(GIVEN INFORMATION)
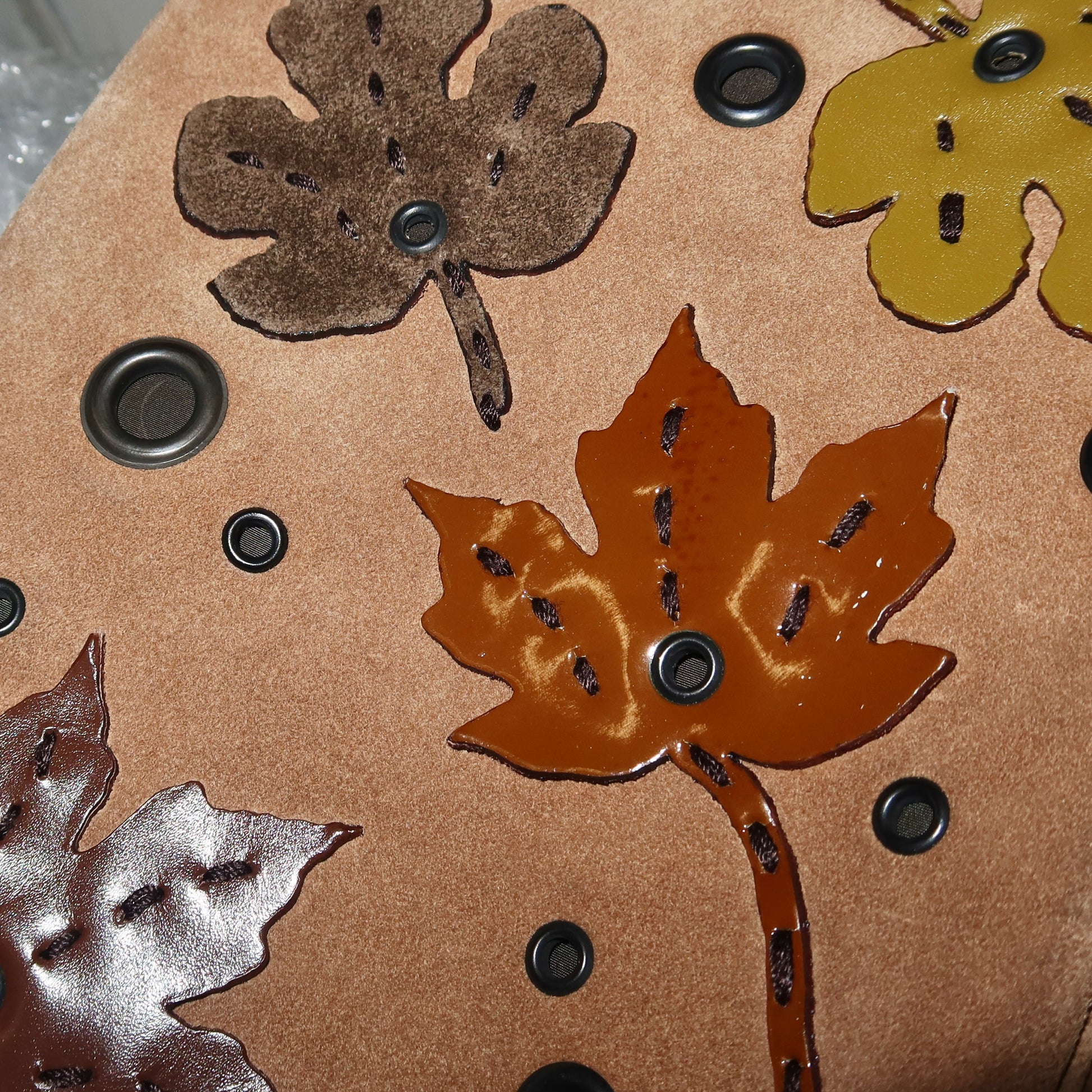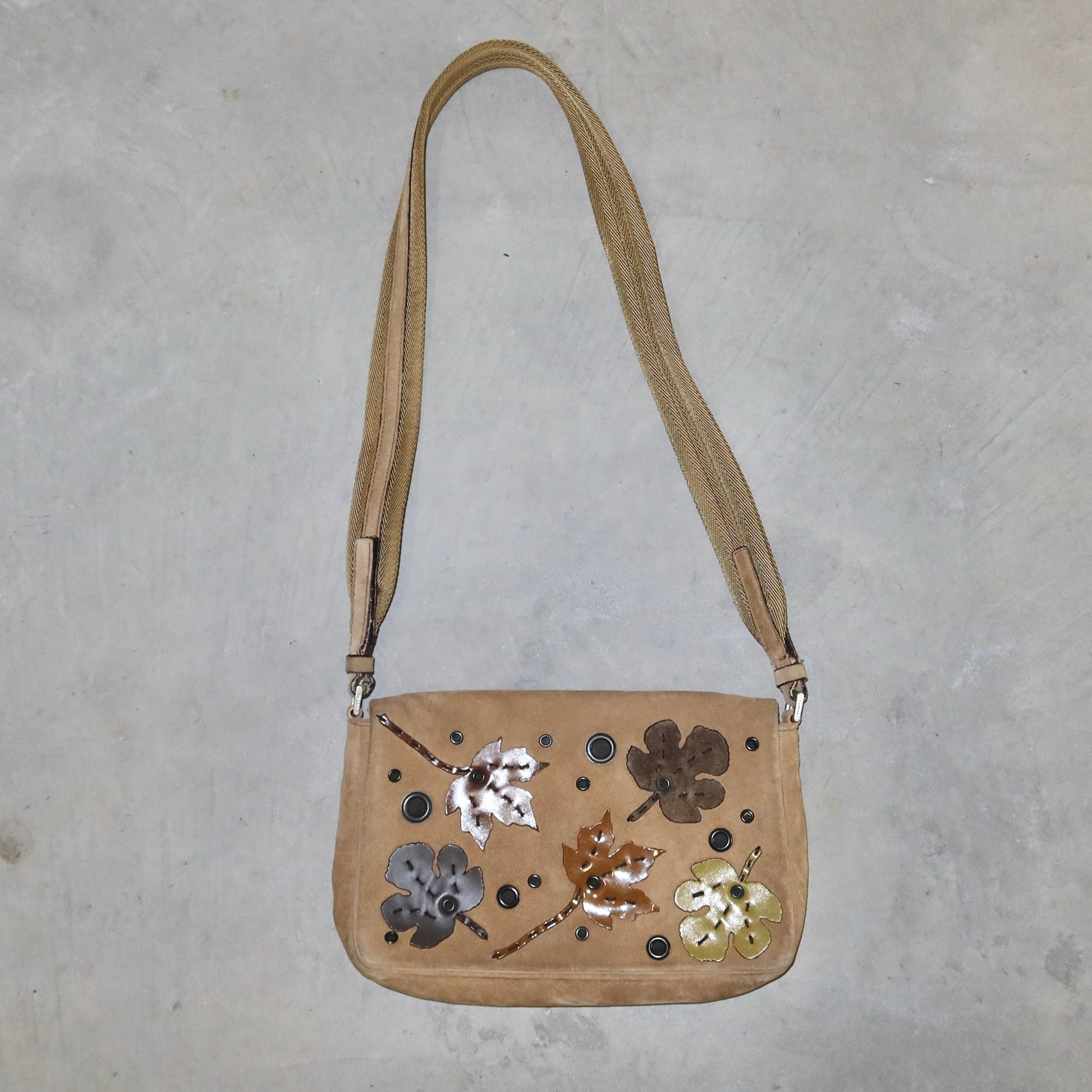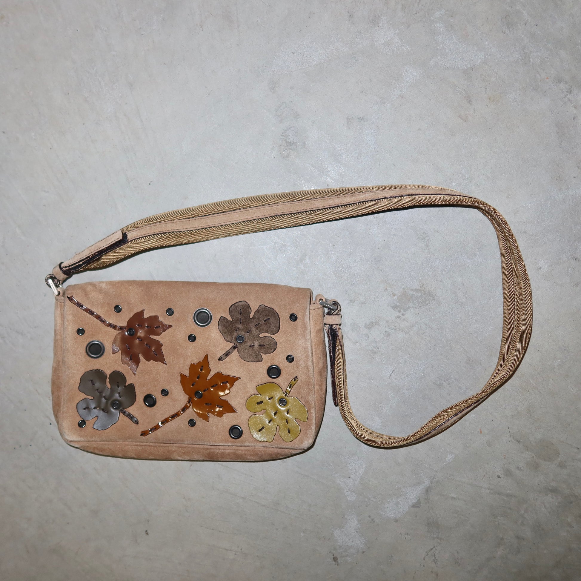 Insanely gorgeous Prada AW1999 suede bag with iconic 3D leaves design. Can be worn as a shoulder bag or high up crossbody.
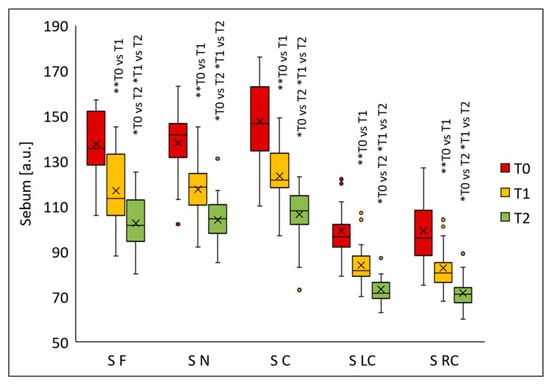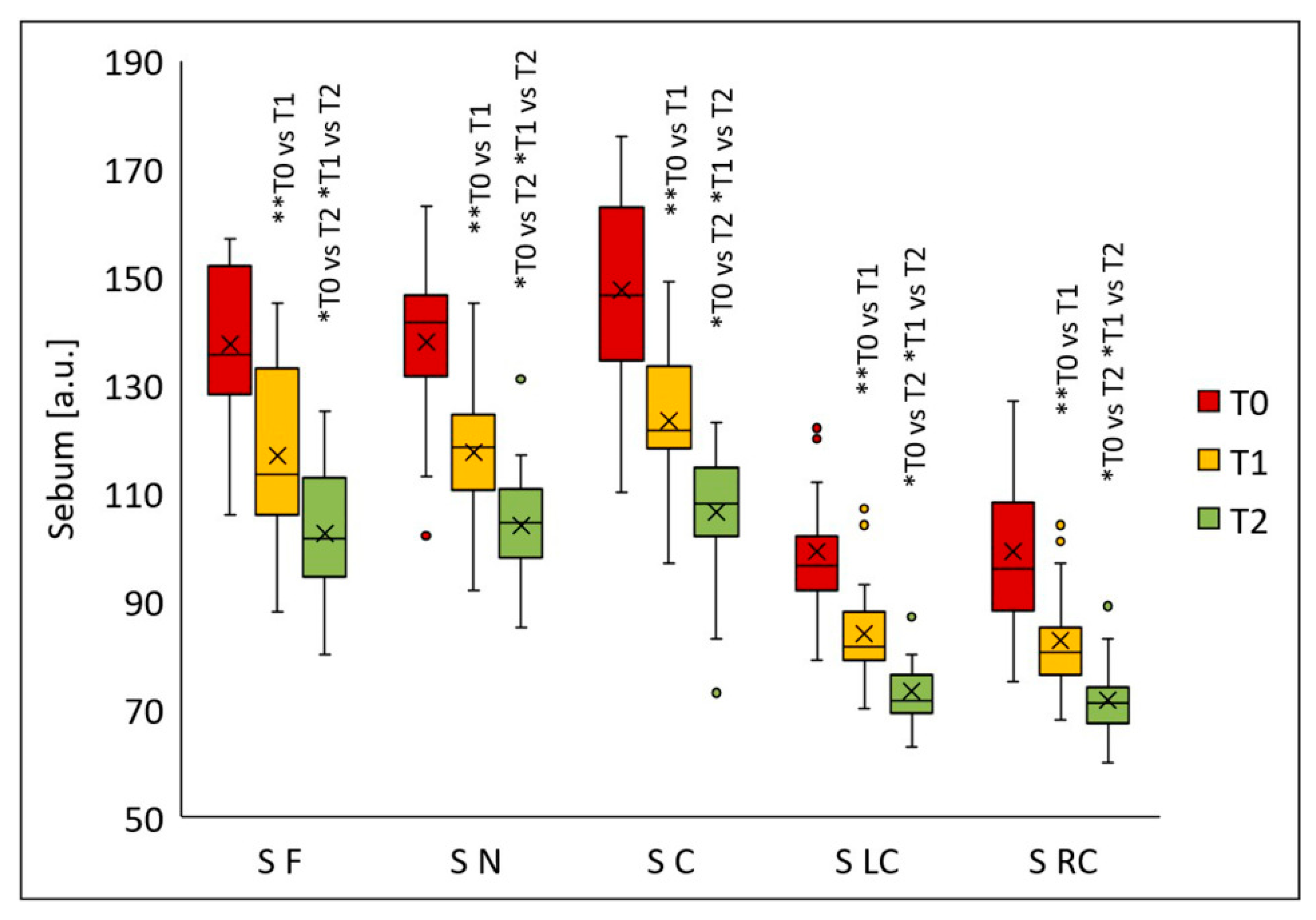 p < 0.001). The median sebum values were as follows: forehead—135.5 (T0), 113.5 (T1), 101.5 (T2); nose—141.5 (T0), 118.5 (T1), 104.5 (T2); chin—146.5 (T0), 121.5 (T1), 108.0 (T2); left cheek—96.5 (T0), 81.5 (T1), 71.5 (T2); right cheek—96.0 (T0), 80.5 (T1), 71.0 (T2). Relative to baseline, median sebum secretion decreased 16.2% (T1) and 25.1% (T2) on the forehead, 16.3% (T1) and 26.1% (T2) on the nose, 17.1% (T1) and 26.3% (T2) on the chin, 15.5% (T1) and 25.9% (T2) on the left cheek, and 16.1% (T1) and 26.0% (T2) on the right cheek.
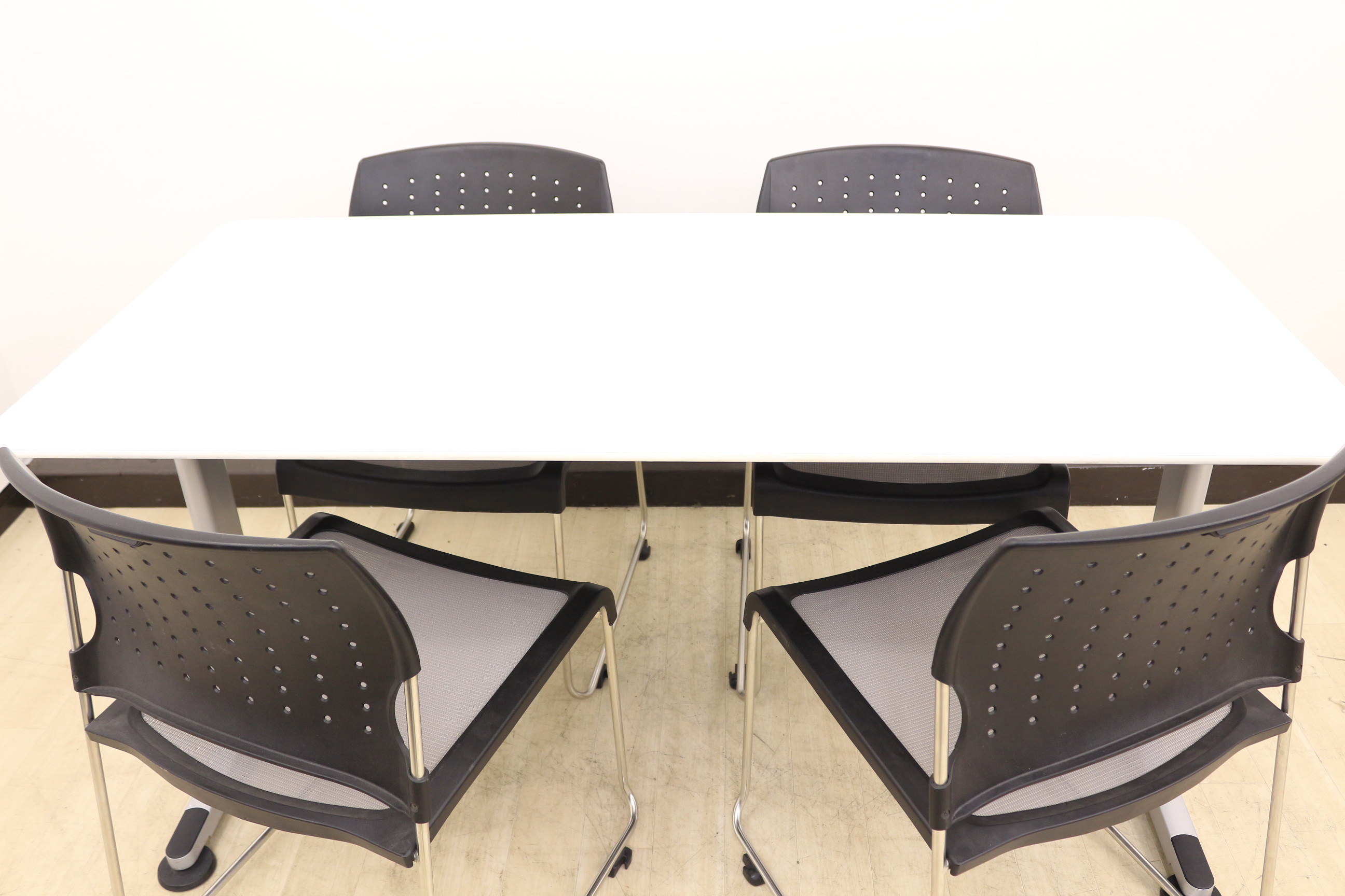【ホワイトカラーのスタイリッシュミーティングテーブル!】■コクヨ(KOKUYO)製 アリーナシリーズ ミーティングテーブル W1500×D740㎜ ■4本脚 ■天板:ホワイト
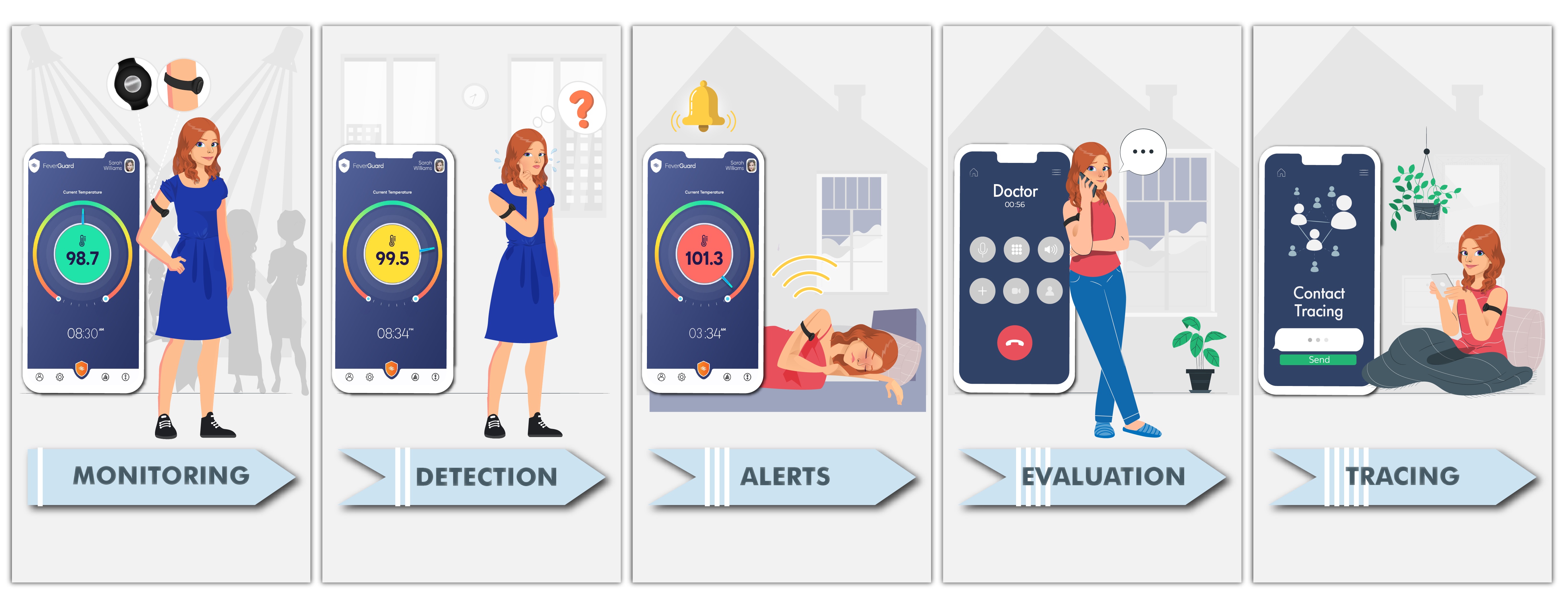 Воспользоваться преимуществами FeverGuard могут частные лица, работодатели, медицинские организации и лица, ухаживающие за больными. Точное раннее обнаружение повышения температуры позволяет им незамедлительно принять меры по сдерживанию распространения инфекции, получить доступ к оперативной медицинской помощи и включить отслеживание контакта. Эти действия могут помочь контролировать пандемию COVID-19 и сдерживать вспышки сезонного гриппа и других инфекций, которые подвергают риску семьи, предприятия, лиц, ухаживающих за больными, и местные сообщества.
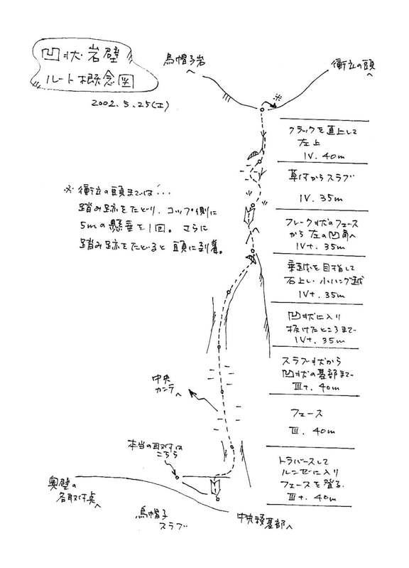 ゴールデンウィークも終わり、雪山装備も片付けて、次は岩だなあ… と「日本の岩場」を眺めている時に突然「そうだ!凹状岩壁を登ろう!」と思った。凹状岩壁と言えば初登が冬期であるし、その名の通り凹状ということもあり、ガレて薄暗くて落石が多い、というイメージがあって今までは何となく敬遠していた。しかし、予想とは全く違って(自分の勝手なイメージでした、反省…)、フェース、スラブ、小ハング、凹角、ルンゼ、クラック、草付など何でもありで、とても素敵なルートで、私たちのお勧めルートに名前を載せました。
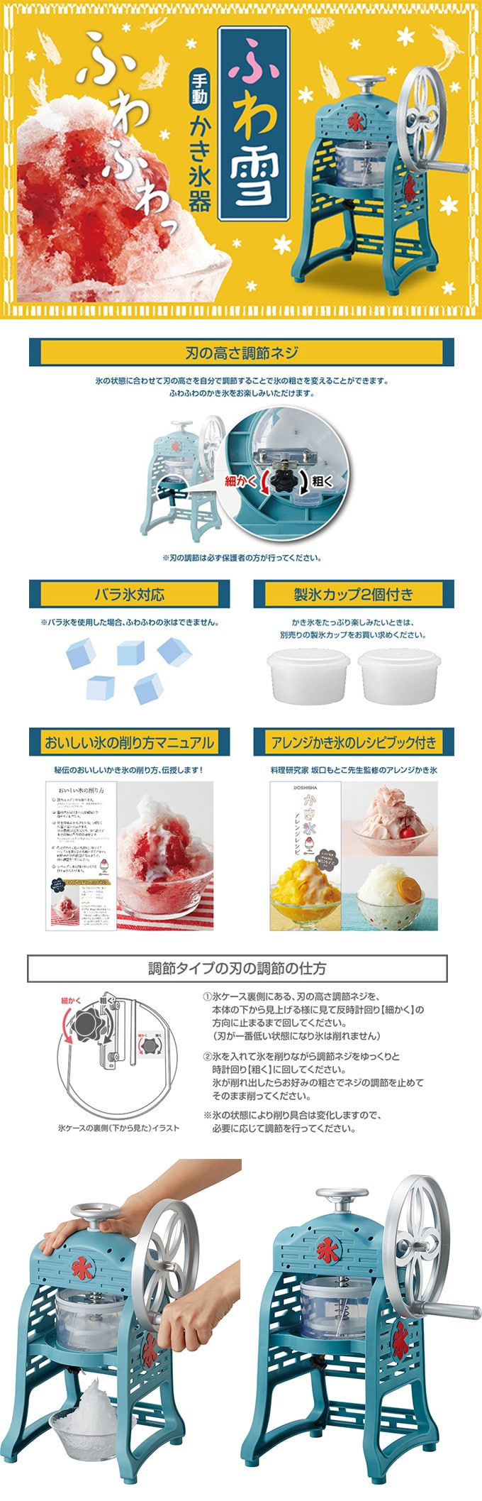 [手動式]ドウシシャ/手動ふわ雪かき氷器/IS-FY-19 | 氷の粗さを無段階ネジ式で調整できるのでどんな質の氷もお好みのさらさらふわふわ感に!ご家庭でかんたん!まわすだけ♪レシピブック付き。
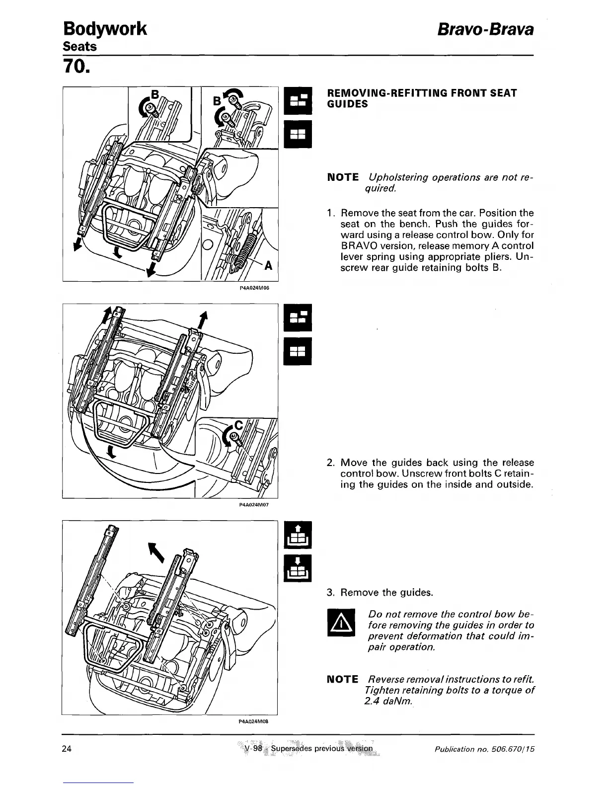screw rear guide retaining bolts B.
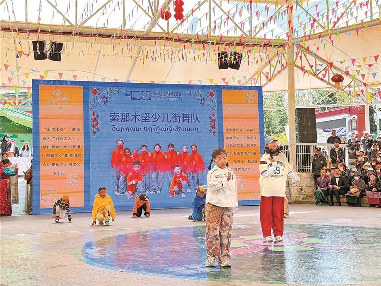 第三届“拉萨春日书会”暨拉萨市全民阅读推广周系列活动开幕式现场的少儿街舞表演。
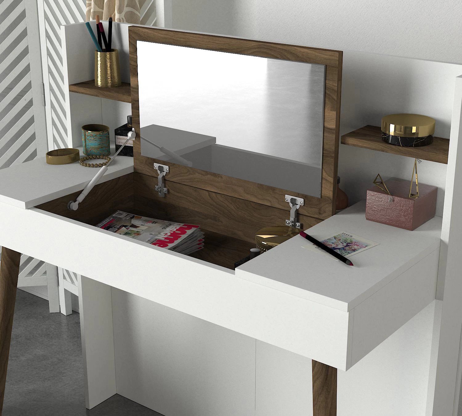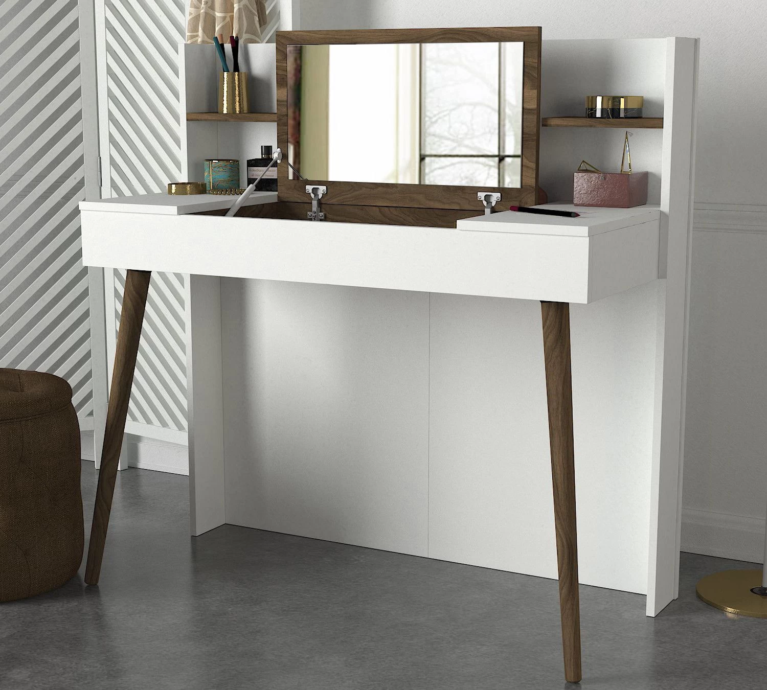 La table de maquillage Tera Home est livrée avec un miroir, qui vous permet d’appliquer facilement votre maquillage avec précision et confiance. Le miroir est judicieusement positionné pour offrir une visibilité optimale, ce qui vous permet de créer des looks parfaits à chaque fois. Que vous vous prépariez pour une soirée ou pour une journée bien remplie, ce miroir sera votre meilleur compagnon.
(End GIVEN INFORMATION)
Transcribe all records verbatim, no pictures.

- [REPLY]:
 Insanely gorgeous Prada AW1999 suede bag with iconic 3D leaves design. Can be worn as a shoulder bag or high up crossbody.
 p < 0.001). The median sebum values were as follows: forehead—135.5 (T0), 113.5 (T1), 101.5 (T2); nose—141.5 (T0), 118.5 (T1), 104.5 (T2); chin—146.5 (T0), 121.5 (T1), 108.0 (T2); left cheek—96.5 (T0), 81.5 (T1), 71.5 (T2); right cheek—96.0 (T0), 80.5 (T1), 71.0 (T2). Relative to baseline, median sebum secretion decreased 16.2% (T1) and 25.1% (T2) on the forehead, 16.3% (T1) and 26.1% (T2) on the nose, 17.1% (T1) and 26.3% (T2) on the chin, 15.5% (T1) and 25.9% (T2) on the left cheek, and 16.1% (T1) and 26.0% (T2) on the right cheek.
【ホワイトカラーのスタイリッシュミーティングテーブル!】■コクヨ(KOKUYO)製 アリーナシリーズ ミーティングテーブル W1500×D740㎜ ■4本脚 ■天板:ホワイト
 Воспользоваться преимуществами FeverGuard могут частные лица, работодатели, медицинские организации и лица, ухаживающие за больными. Точное раннее обнаружение повышения температуры позволяет им незамедлительно принять меры по сдерживанию распространения инфекции, получить доступ к оперативной медицинской помощи и включить отслеживание контакта. Эти действия могут помочь контролировать пандемию COVID-19 и сдерживать вспышки сезонного гриппа и других инфекций, которые подвергают риску семьи, предприятия, лиц, ухаживающих за больными, и местные сообщества.
 ゴールデンウィークも終わり、雪山装備も片付けて、次は岩だなあ… と「日本の岩場」を眺めている時に突然「そうだ!凹状岩壁を登ろう!」と思った。凹状岩壁と言えば初登が冬期であるし、その名の通り凹状ということもあり、ガレて薄暗くて落石が多い、というイメージがあって今までは何となく敬遠していた。しかし、予想とは全く違って(自分の勝手なイメージでした、反省…)、フェース、スラブ、小ハング、凹角、ルンゼ、クラック、草付など何でもありで、とても素敵なルートで、私たちのお勧めルートに名前を載せました。
 [手動式]ドウシシャ/手動ふわ雪かき氷器/IS-FY-19 | 氷の粗さを無段階ネジ式で調整できるのでどんな質の氷もお好みのさらさらふわふわ感に!ご家庭でかんたん!まわすだけ♪レシピブック付き。
screw rear guide retaining bolts B.
 第三届“拉萨春日书会”暨拉萨市全民阅读推广周系列活动开幕式现场的少儿街舞表演。
 La table de maquillage Tera Home est livrée avec un miroir, qui vous permet d’appliquer facilement votre maquillage avec précision et confiance. Le miroir est judicieusement positionné pour offrir une visibilité optimale, ce qui vous permet de créer des looks parfaits à chaque fois. Que vous vous prépariez pour une soirée ou pour une journée bien remplie, ce miroir sera votre meilleur compagnon.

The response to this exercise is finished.